Invertibility also appears prominently in applied disciplines. In computer graphics, homogeneous transformation matrices that are invertible enable seamless switching between world, camera, and object coordinates, allowing both forward rendering and inverse operations such as ray tracing. In control theory, the controllability and observability Gramians are invertible precisely when the corresponding linear system is controllable or observable, a condition that guarantees the existence of state‑feedback controllers and observers. Cryptographic schemes based on linear transformations over finite fields—such as the Hill cipher—rely on the invertibility of the key matrix to confirm that encryption can be undone by legitimate parties while thwarting attackers who lack the matrix’s inverse.
People argue about this. Here's where I land on it.

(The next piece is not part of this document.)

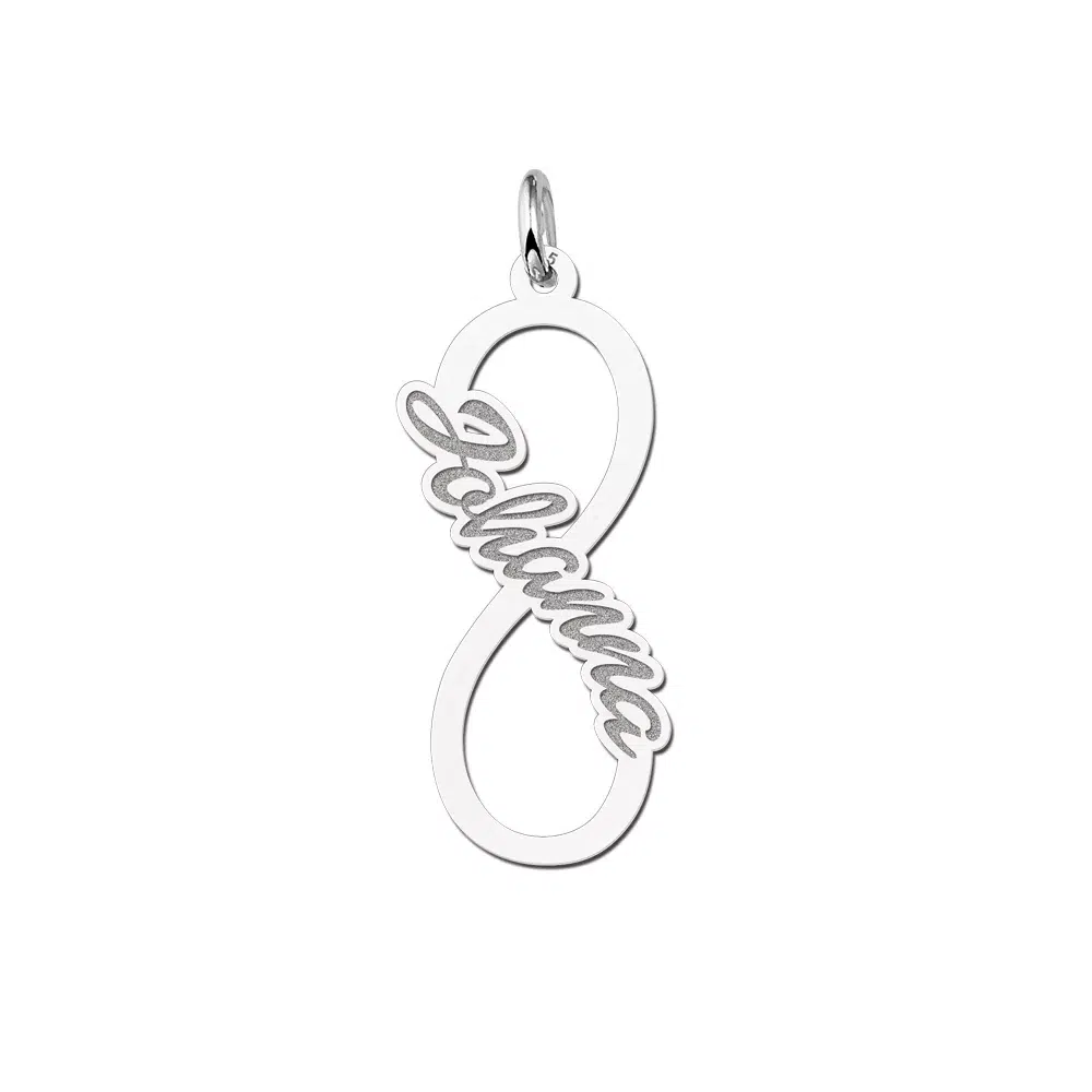 Zilveren infinity hanger kind vervaardigd van 925 sterling zilver. Deze zilveren hanger is speciaal ontworpen voor de kleinere dames onder ons. De naam wordt gemaakt in een sierlijk handschrift en het infinity teken is ca. 16 x 32 mm groot. Wie verras jij met dit infinity sieraad dat symbool staat voor oneindigheid, oneindige liefde, vriendschap en verbondenheid? Vergeet niet een van onze bijpassende kettingen te bestellen!

From a theoretical standpoint, the collection of all invertible matrices forms a Lie group, (GL(n,\mathbb{F})), whose smooth structure enables the study of continuous symmetries via its Lie algebra (\mathfrak{gl}(n,\mathbb{F})). Exponential maps from this algebra to the group link solutions of linear differential equations (\dot X = AX) to one‑parameter subgroups (e^{tA}), which are invertible for all real (t) because the exponential of a matrix never loses rank Worth knowing..
Together, these perspectives illustrate that invertibility is far more than a mere algebraic curiosity; it is a linchpin that connects geometric intuition, numerical stability, practical algorithms, and deep structural theory across mathematics and its applications. Embracing the properties and constructions associated with invertible matrices equips both theorists and practitioners with a powerful toolkit for analyzing and solving a wide array of problems Simple, but easy to overlook..
Conclusion
Invertible matrices are central to linear algebra because they preserve dimensionality, admit a rich factorization theory, and underpin both exact and approximate solution methods. Their determinant offers a swift invertibility test, while elementary‑matrix decompositions reveal the underlying sequence of reversible row operations. Beyond the algebra, invertibility informs geometric volume changes, governs numerical conditioning, and appears in diverse fields ranging from graphics and control to cryptography and differential equations. Mastery of these concepts enables a deeper comprehension of linear systems and equips one with efficient, reliable tools for both theoretical exploration and practical computation.